At chain restaurant Yun Nans, reservations have fallen about 30 per cent in the past few weeks. The volume of sales for its Chinese New Year takeaway sets has also plummeted by half.

To entice customers, the eatery, which serves specialty cuisine from China’s Yunnan province, is keeping prices stable and offering promotions.

“Usually, we would bump prices up by 5 per cent during the Chinese New Year period, but this year we did not increase prices,” said Mr Tommy Lu, co-founder and Singapore CEO of the chain.

The restaurant has also partnered Citibank to dangle deals, and is looking to offer a discount for its takeaway customers closer to the festive period.  

Aside from the prices of ingredients and customers’ waning appetite for costly menus, Mr Lu said that businesses are also facing competition from hawker centres and coffee shops, where more vendors are increasingly replicating dishes traditionally served in a restaurant.

MANPOWER WOES

Some businesses are also facing a labour crunch this peak period, especially those with a significant number of Malaysian employees.

With less than three weeks until Chinese New Year, some employees are starting to take leave to return home and prepare for the holidays.

One hair salon with Malaysians filling about 40 per cent of its roster has extended shift hours for other staff to make up for the manpower loss.

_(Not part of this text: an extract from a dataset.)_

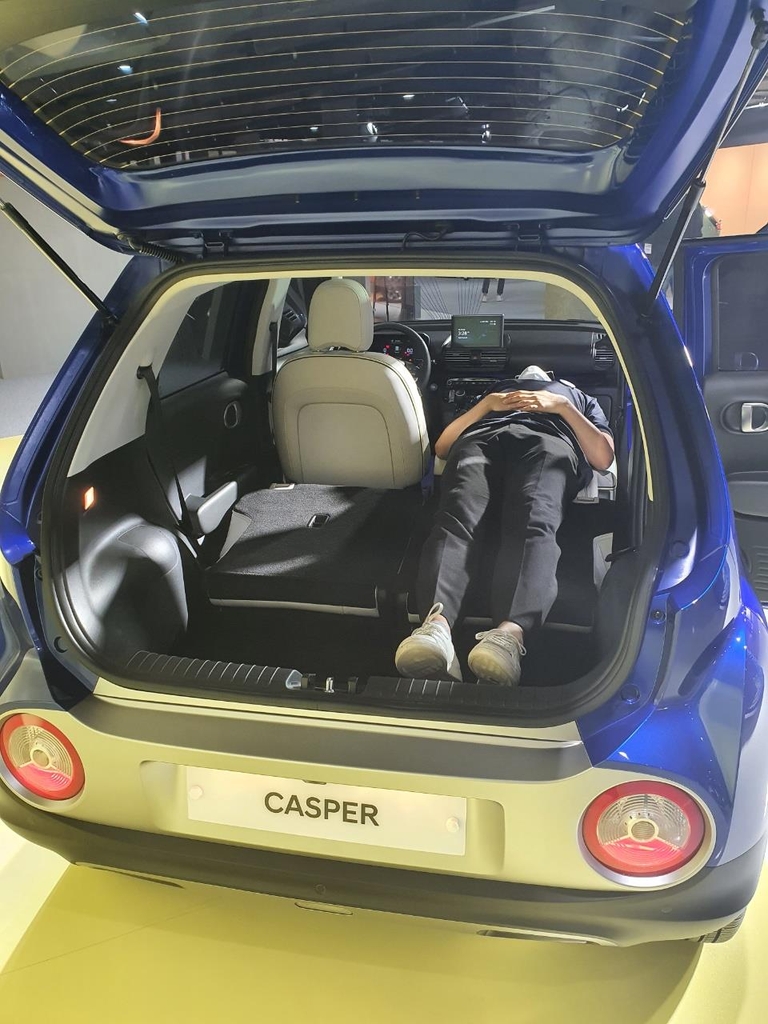| ▲ 캐스퍼 1·2열 좌석을 접은 뒤 키 183㎝의 성인 남성 스태프가 누운 모습. [촬영 장하나] |

This is in contrast to its approach last year, when the hair stylists were given pay incentives to take less leave and stay in Singapore longer.

Ms Cherie Adams, the general manager of Be Salon, which has two outlets in the central area, said the firm is unable to do the same this year because of rising costs.  

“Due to the lack of manpower, our working hours need to be extended in order to cater to the demand. Our hairstylists will also come back during their off days to serve their customers,” she said.